Четыре сезона
— Ты правда считаешь, что мы сделали правильно? — спросила она, прикрывшись тонким покрывалом, которое стало почти прозрачным от чужих тел, и уже не старалось казаться белым.
Ну что за детские вопросы. Правильно? Для кого — правильно? Да кто их видел, эти правила. Правильно — это до смерти скучно — подумал он.
Он ответил не сразу, многозначительно помолчал. Это у него получалось очень хорошо — и когда ему нечего было сказать, и когда говорить было не нужно. Курил, лежал навзничь, уставившись в потолок. Потолок был жёлтым, с облупленной краской. Потолок гипнотизировал. Хорошо смотреть в такой потолок, и стареть. Хорошее место для молчания. Под потолком — лампочка на шнуре, она слегка раскачивалась, будто от сквозняка, — хотя окон в комнате не было. Слегка пахло помоями — это канализация. В Старом Городе всегда были проблемы со сточными водами. Но если захотеть, можно думать, что это запах моря, или старых каналов. Закрыть глаза, и думать, что это Венеция. Что ж. Неплохо, совсем неплохо.
— Я считаю, что этот отель — дыра, — наконец сказал он. — Но все довольно романтично.
Она не обиделась. Она никогда не обижалась на него по-настоящему.

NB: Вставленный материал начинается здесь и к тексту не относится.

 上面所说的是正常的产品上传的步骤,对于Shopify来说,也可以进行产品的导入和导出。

Чтобы обижаться, нужно быть на равных, а она смотрела на него, как кошка на повара из привокзальной столовой — с любовью, и со страхом, и с предчувствием боли, которую стоит вытерпеть.
— А ты помнишь, как мы познакомились? — сказала она, заглядывая ему в лицо. Жадные, грустные глаза. Жадная грустная девочка. Девочка — газ, газообразная девочка, стремится заполнить все доступное пространство, хотя он ее об этом не просил.

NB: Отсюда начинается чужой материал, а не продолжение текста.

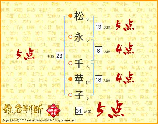 松(8画)永(5画) 千(3画)華(12画)子(3画)

Он помнил. Лучше, чем хотел.
Был март. Еще почти февраль. Холодный, сырой и серый. Городской пляж, тоже холодный, сырой и серый, как выцветшая старая фотография. Она стояла в длинном пальто, волосы — спутанные ветром, как у ведьмы. Почти красивая. Печальная. В одной руке — охапка цветов, в другой — ничего. Она бросала цветы в воду по одному, и что-то шептала. Раз ведьма, значит — заклинания. А ему тогда было нечего делать. Совсем. Он просто подошёл. Спросил, это ритуал или модное расстройство психики. Она засмеялась. Через час они уже пили дешёвое красное в киоске, через два — шли по дамбе, взявшись за руки через три — целовались за рекламным щитом, на котором выцветший мужчина хвастался одеколоном. Как подростки, ей-богу.
— Конечно. Ты была такая очаровательно сумасшедшая, мне это сразу понравилось.
— А ты — мрачный тип, — сказала она. — Ты все время как будто не здесь. И всё равно я пошла с тобой. Зачем?
(И самый красивый — сказали ее глаза)
Почему-то ему захотелось сказать неприятное.
— Потому что твой муж — унылый. Он нюхает молоко перед тем, как его пить, а перед этим еще проверяет срок годности — отрезал он. — А я — тот, кто не носит трусы. И еще я знаю созвездие Ориона. Это интригует.
Она рассмеялась, и ему почти показалось, что все хорошо. Тёплый смех. Красивая девушка, наверное, на десяток лет моложе его. Почти показалось, что он счастлив.
— А если серьёзно?
Он затушил сигарету в пепельнице, где уже лежали три остывших окурка. Не ответил. В этой комнате не нужно говорить серьёзно, а она не понимает, и это раздражало. Но он все равно приходил сюда с ней — к ней, к себе, к комнате. Значит, что-то его держало. Почти счастье. Почти все хорошо. Почти красивая девушка, которая почти его не раздражает. Ну так, иногда. Например, она зачем-то рассказывала ему о своем муже. Не смеялась над ним, ко как будто оправдывала — и оправдывалась.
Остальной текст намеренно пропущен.